= What the task asks =
Only the number is needed: how many lines of the entries below contain the word "being".

= Supplied entries =
Start of Block

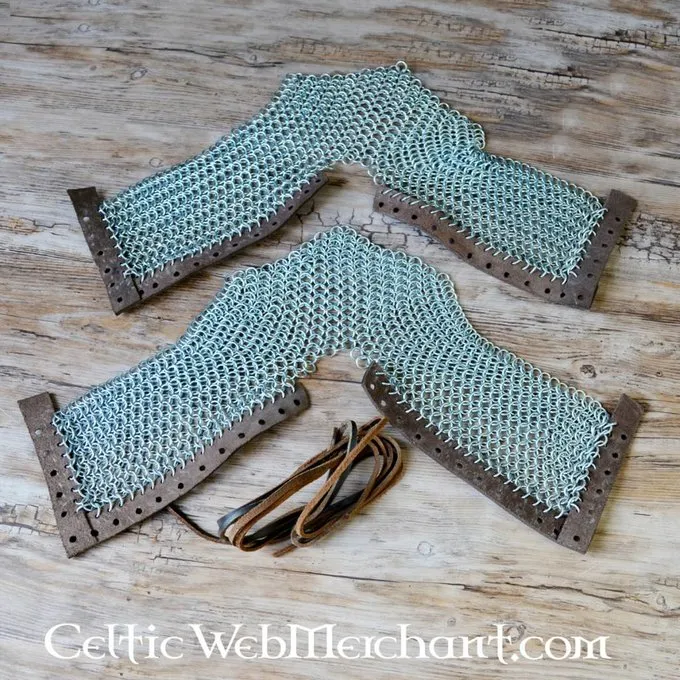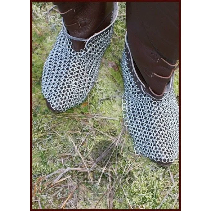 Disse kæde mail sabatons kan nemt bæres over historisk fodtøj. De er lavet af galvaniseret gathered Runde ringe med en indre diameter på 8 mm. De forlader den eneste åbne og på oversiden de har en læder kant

End of Block
Start of Block

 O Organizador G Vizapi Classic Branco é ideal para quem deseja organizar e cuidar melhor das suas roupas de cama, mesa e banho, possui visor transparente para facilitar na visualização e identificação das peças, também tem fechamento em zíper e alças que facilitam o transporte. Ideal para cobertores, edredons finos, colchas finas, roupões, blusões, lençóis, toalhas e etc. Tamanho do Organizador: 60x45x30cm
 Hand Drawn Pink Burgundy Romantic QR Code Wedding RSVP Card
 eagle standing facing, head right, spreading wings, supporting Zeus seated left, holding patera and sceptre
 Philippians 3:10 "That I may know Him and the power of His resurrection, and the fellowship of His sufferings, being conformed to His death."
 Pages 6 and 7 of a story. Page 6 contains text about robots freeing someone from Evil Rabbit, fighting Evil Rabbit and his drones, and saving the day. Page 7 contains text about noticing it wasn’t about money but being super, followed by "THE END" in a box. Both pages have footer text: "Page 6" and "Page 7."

End of Block

= Response to the task =
2